Nuclear island is the heart of the plant. It houses the nuclear system that produces the steam (NSSS – Nuclear Steam Supply System).
Nuclear island in 1.3 m thick reinforced concrete is designed to withstand any (highly unlikely) internal explosions, earthquakes and floods and to contain leakage of radioactive material from the innermost barriers (fuel and primary circuits).
In addition to all this, the reactor building is protected by a second reinforced concrete structure, 1.3 m thick, designed to withstand the impact of large civil aircraft in the case of accident/terrorist attack.
Inside it, the primary circuit comprises the following elements:
- The reactor, containing the nuclear fuel and the control systems;
- The pumps, for the heat carrying fluid, which ensure circulation of the coolant liquid (water);
- The pressurizer, used to control the pressure inside the primary circuit;
- The steam generators, where heat is exchanged between the primary circuit and the secondary circuit that drives the turbo generator.

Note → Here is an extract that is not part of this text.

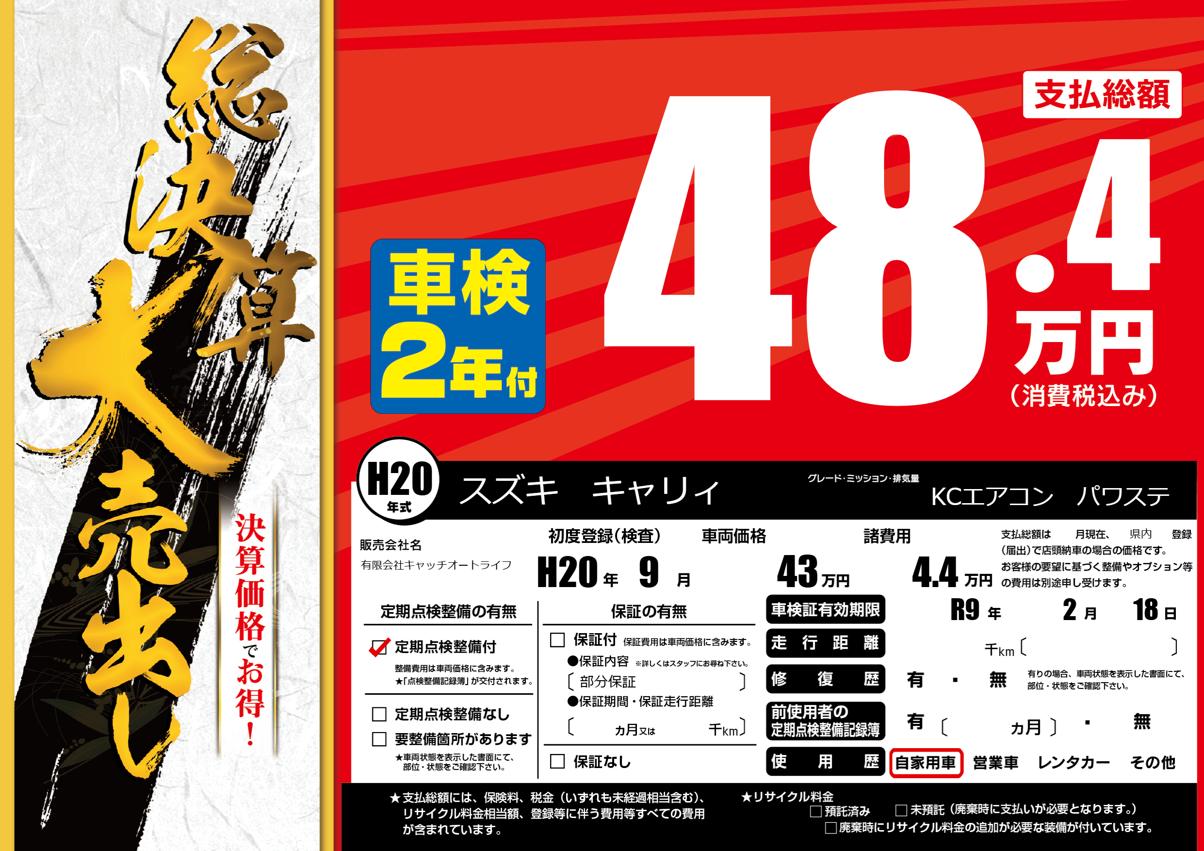 | 走行キロ | - | 初年度登録 | H20年9月 |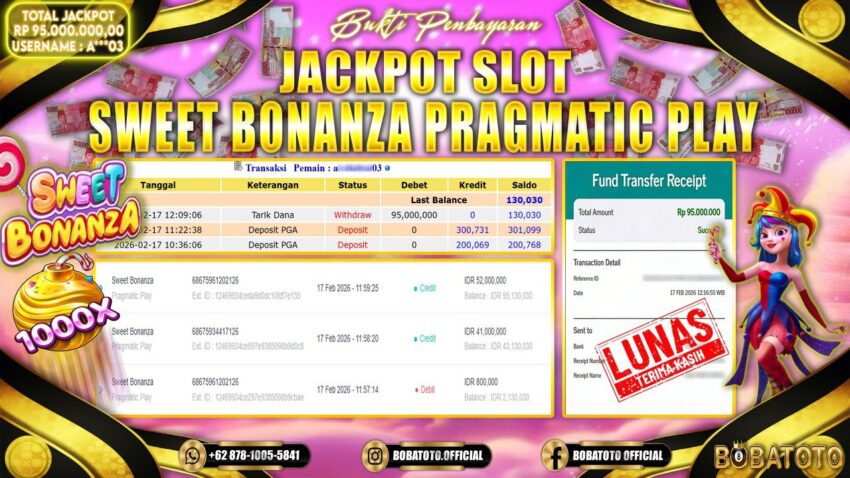 BOBATOTO – Selamat kepada User id : A***30 Telah berhasil mendapatkan kemenangan besar pada permainan SLOT SWEET BONANZA Dengan kemenangan Sebesar Rp.95,000,000,-. Setelah mengisi formulir withdraw dengan kurung waktu hanya 5 – 10 menit pihak bobatoto sudah melakukan transfer kepada pemilik Userid dan dana sudah dapat di cairkan oleh pemenang. Bukti pembayaran yang kami berikan merupakan bukti pembayaran yang SAH / VALID yang langung di dapatkan melaui tanda transfer transaksi dari Bank yang di tuju.

The primary circuit is divided into four independent loops, each with a steam generator and pump.
Reactor buildings housing EPRs are larger than those housing other kinds of PWR; this increases the time available for emergency in the event of water leaks caused by accidental rupture of the primary circuit, because the pressure inside the building increases more slowly. In any case, the system is designed to prevent any escape of contaminated water from the primary circuit towards the exterior.